Lycopene and other compounds found in tomatoes are highly regarded for their potential health benefits, including their antioxidant properties. Antioxidants are substances that can neutralise free radicals produced by the body or absorbed from
the environment. Free radicals can cause oxidative stress, damaging various macromolecules, DNA, and cellular structures, a factor linked to numerous chronic diseases. With disease prevention increasingly being raised as a critical strategy to
manage healthcare needs, antioxidants such as those found in tomatoes offer potential avenues as health-supportive factors through diet.

A high intake of tomatoes and tomato products has been linked to a lower incidence of certain diseases, such as cardiovascular diseases and different types of cancer. According to the 5-a-day initiative and based on current scientific knowledge, tomatoes, as a fruit high in antioxidants, should be included in a balanced diet for health.

The potassium and vitamin C in tomatoes support heart health by helping to lower blood pressure and reduce the risk of heart disease.

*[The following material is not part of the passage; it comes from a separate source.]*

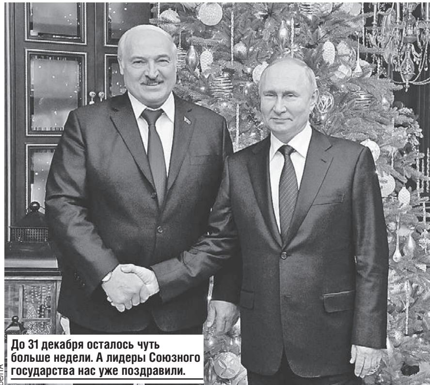
До 31 декабря осталось чуть больше недели. А лидеры Союзного государства нас уже поздравили.

- То, что мы производим, процентов на шестьдесят мы можем потребить. Все остальное производится на экспорт. Когда западные партнеры ушли, мы оказались для огромной России востребованными. Мы идем туда и замещаем тех, кто ушел. Мы вместе с россиянами - учеными, конструкторами - создадим такие образцы, которых не видел мир. Это не замашки какие-то нереальные - мы уже многое сделали.

A study showed that tomatoes, when cooked semi-continuously for 30 minutes, were resistant to degradation by the cooking medium, and the concentration of the antioxidant lycopene increased in the final serving compared to the over half-fold decrease reported in briefly cooked samples. Extensive research into the properties of lycopene has shown an association with reducing the risk of cardiovascular disease predominantly due to a direct link with the oxidation of the harmful low-density lipoprotein, but also an association with decreasing skin damage caused by UV light when combined with other protective nutrients such as vitamins C and E.

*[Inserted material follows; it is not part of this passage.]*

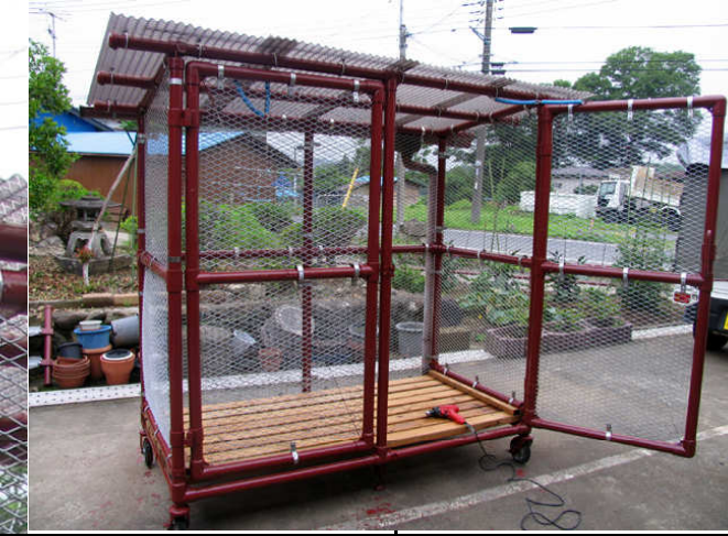
スノコ取付・網取付金具本止め

Whole, fresh tomatoes and tomato products are generally demonstrated to provide a surplus of protection against chronic disease. The self-contained energy nutrient called fat in lycopene is mainly beneficial as a lipid nutrient. However, the relationship between lycopene and prostate cancer protection is reported to only be helpful in conjunction with lycopene dietary intake. Therefore, lifestyles and diets are not solely impacted by tomatoes’ body protection. Indeed, they respond to and thereby shape one
another.

The benefits of tomato intake in managing cardiovascular risk are well corroborated by the available outcomes of scientific research. Such benefits are mainly due to their content of multiple vitamins and nutrients, based on the antioxidative and antiinflammatory properties, and the improvement of lipid profile and glucose metabolism. A diet rich in vegetables and fruits has been shown to decrease the risk of developing various age-related diseases, particularly CVDs, with different fruits and vegetables playing a role. It has been emphasised that a diet high in tomatoes has been strongly correlated with an improvement in risk factors for CVD, particularly with the consumption of at least ten servings of tomato-based foods per week, combined with at least 80 millilitres of extra virgin olive oil each day and roughly five servings a day of whole grains.

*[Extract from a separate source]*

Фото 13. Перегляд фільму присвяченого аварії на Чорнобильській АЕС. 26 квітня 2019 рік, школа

The reduced risk of developing cancer upon tomato consumption is commonly formulated by proposing a biological scenario where antioxidants and their red carotenoid pigments, along with antiinflammatory elements, can act by several mechanisms, including inhibition of DNA damage, whether or not initiated by genotoxic
compounds, and of damage to mitochondrial DNA, adduct formation, and lipid or protein damage causing eventual turnover of such damaged molecules at the cell level.

Data from a relevant experimental setup suggest that tomato drinks also reduce systemic endothelial activation, having an antiatherosclerotic effect. The modern spiral view of cancer aetiology encompasses both genotoxic and epigenetic molecules, and they appear amenable to food antioxidants. The overall dietary pattern containing tomatoes is essential because it exerts a significant net athero-preventive effect as part of a broader cancer-preventive strategy.

Eye Health: The beta-carotene and lutein in tomatoes benefit eye health, helping protect against age-related macular degeneration.

I hope this article emphasises the importance of consuming raw or cooked tomatoes to benefit your health and longevity.